Cooking Level: ★★☆☆☆

  • 1pc Whole snapper

  • 6pc Garlic cloves, peeled

  • 150ml White wine

  • 1tbsp Capers

  • 1 liter Water

  • 500ml Organic fish broth

  • Salt and pepper to taste

  • 2pcs Ripe plum tomatoes

  • 10pcs Cherry tomatoes, halved

  • 30pcs Kalamata olives, pitted

  • 200g fresh clams

  • Fresh chopped Parsley

  • Fresh chopped Basil

  1. Take out fish and let it sit on room temperature for 30 minutes

  2. In the meantime prepare the broth: In a large pot with olive oil fry the garlic until crispy but not burned

  3. Add the capers and pour in the white wine, reduce until the wine has almost evaporated.

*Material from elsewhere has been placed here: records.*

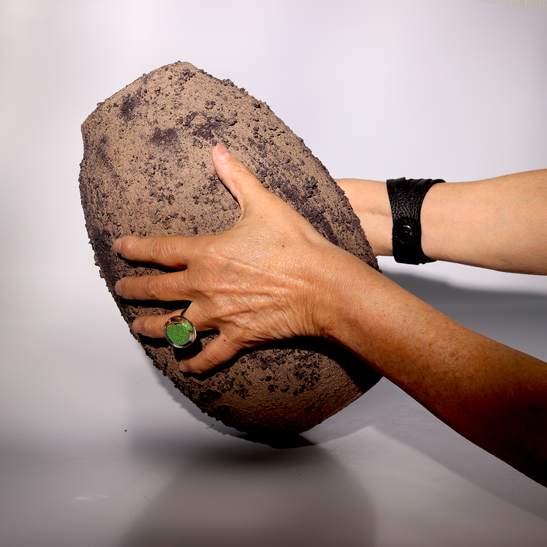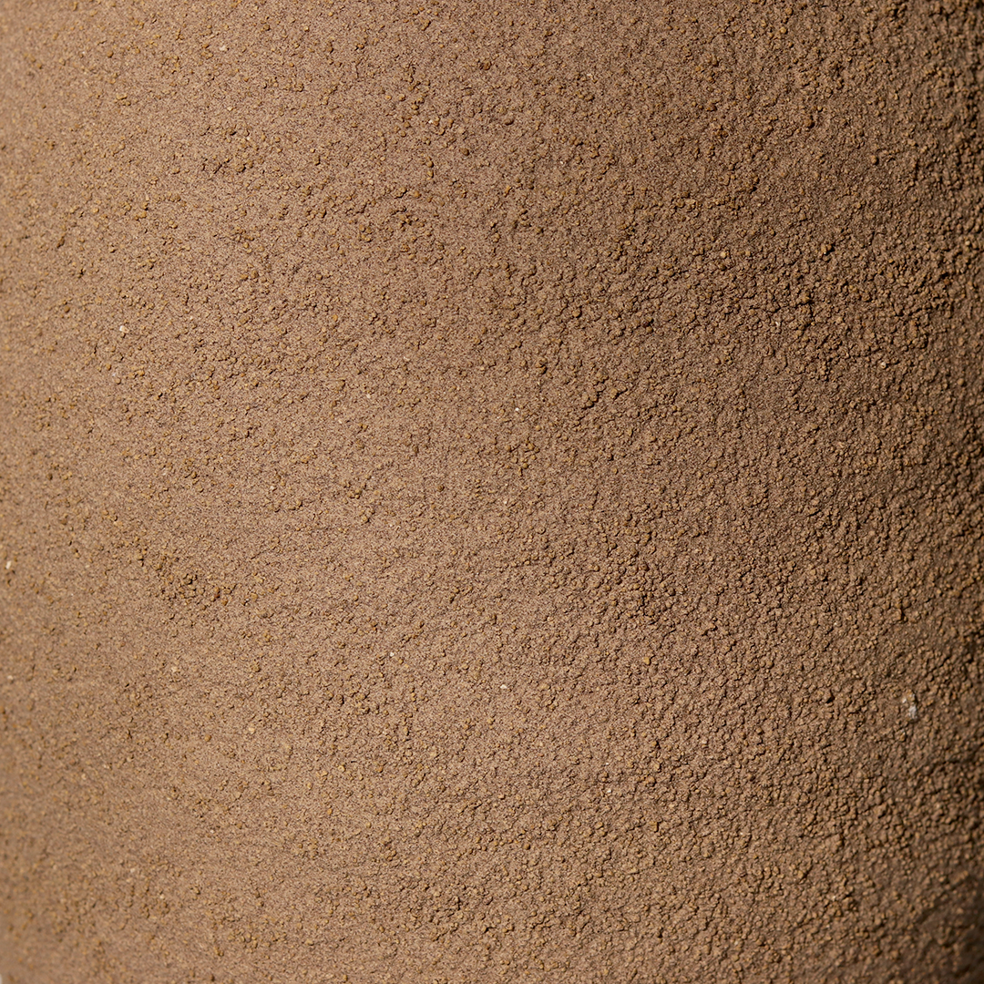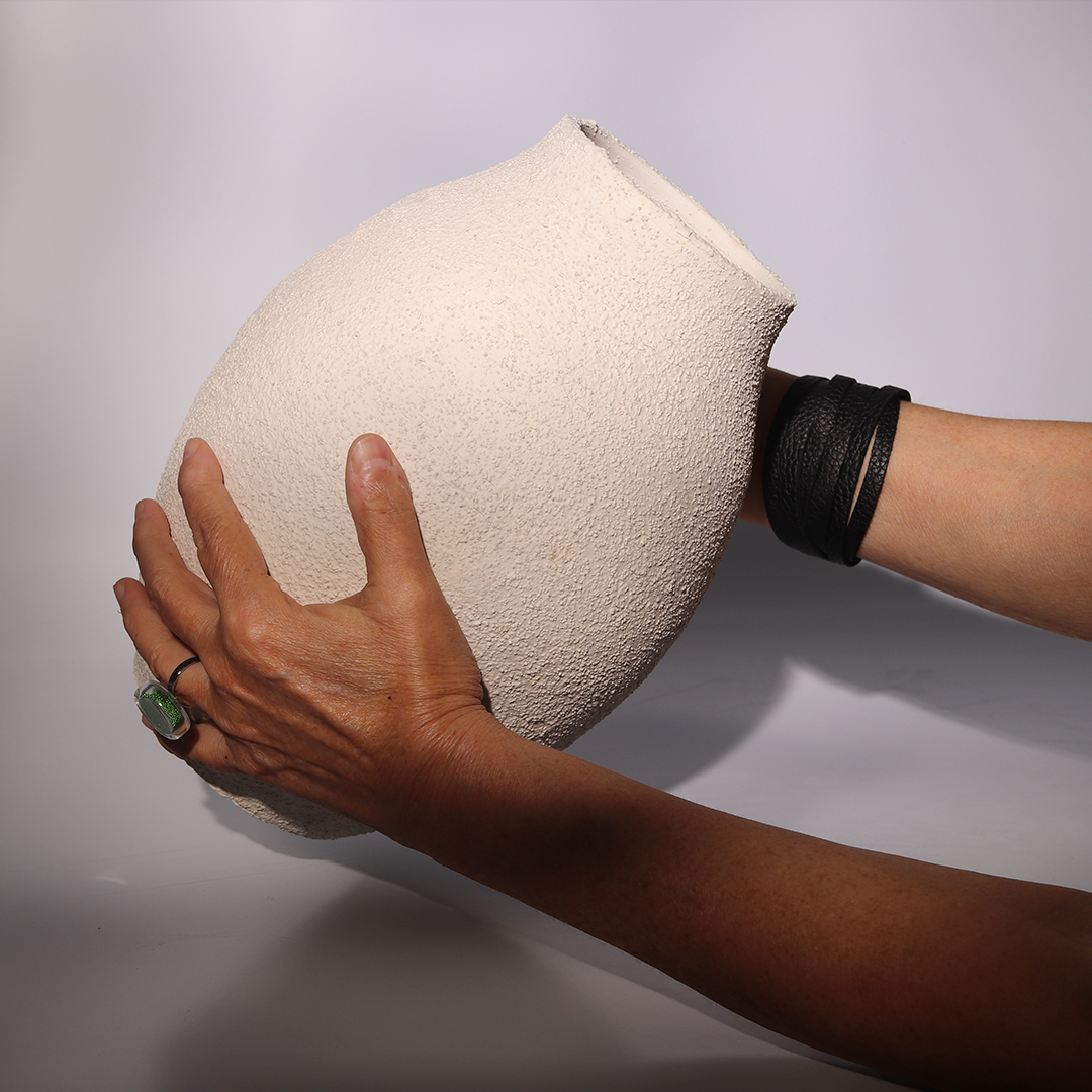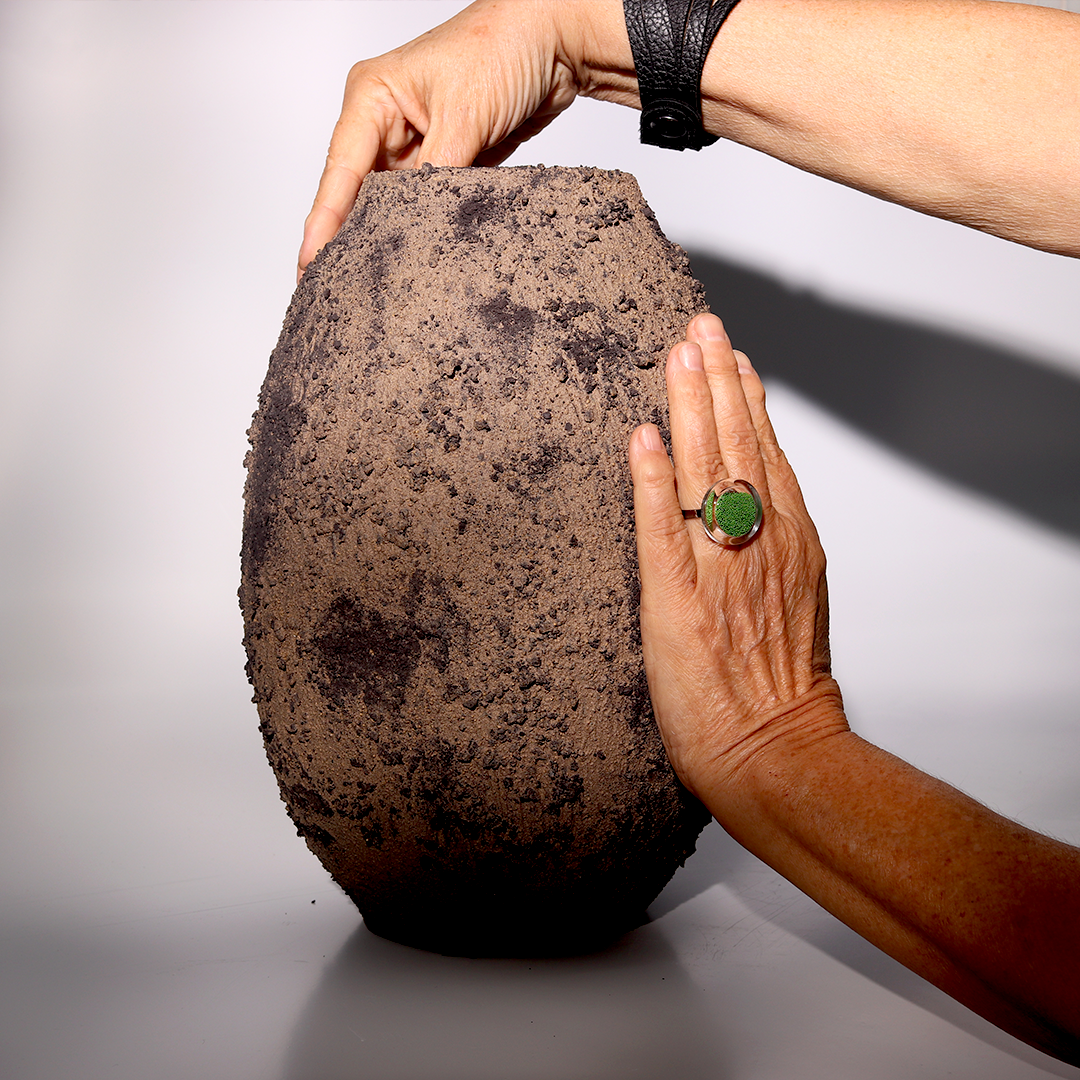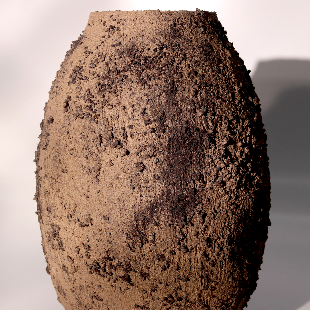 plural e resistente, o vaso texturizado com minerais tem acabamento orgânico.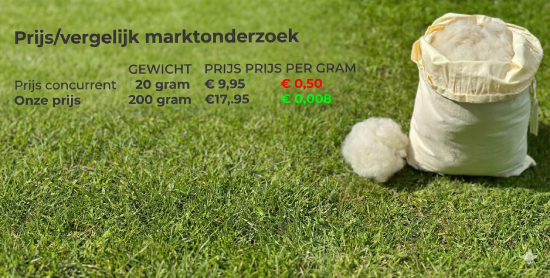 Wij kiezen er dan ook voor om onze WonderWol aan te bieden in duurzame gerecyclde zakje met een vulgewicht van 200 gram. Daarmee heeft u voldoende wol in huis voor vele fijne wandelingen en /of voor ander soortige behandelingen. Bestelt u 4 zakjes WonderWol dan heeft u voldoende WonderWol voor een heel wandelseizoen én nemen wij de verzendkosten voor onze rekening - gratis verzending.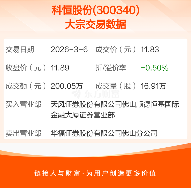2026年3月6日,科恒股份发生1笔大宗交易,共成交16.91万股,成交金额200.05万元,占其流通市值比例为0.06%。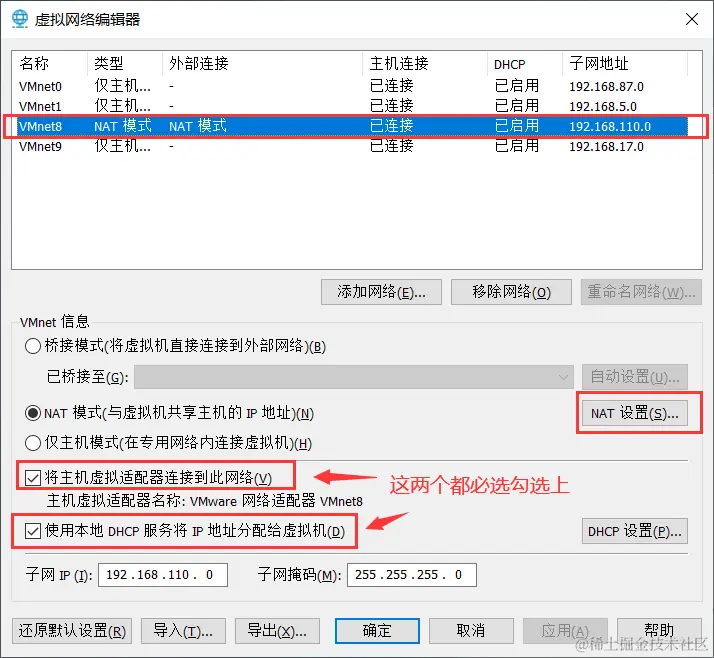 选中有 “NAT模式” 的那行记录,然后确保图中标记的两个勾必须打上,如果没有默认勾选,应该手动勾选 。然后点击 “NAT设置”

  4. Add the fish broth and water and bring to a boil. Simmer for 30 minutes

  5. Transfer the broth to a large pan, turn down the heat

  6. Add the whole snapper to the pan and poach on 80 °C for 45 minutes

  7. After 45 minutes take out the fish

  8. Add the tomatoes and olives and bring to a simmer again

  9. Add the clams and put back the fish. Simmer for 5 minutes

  10. Remove from heat and cover with a Lid

  11. Let it rest for 15 minutes with lid closed

  12. Sprinkle with parsley and basil and serve


For poaching it should gentle simmer in the broth. Broth should not boil. Instead of clams can also use live blue mussels or prawns. Add some nice aged balsamic vinegar and a splash of good extra virgin olive oil. Eat with some focaccia bread or baguette so you can soak up all the broth.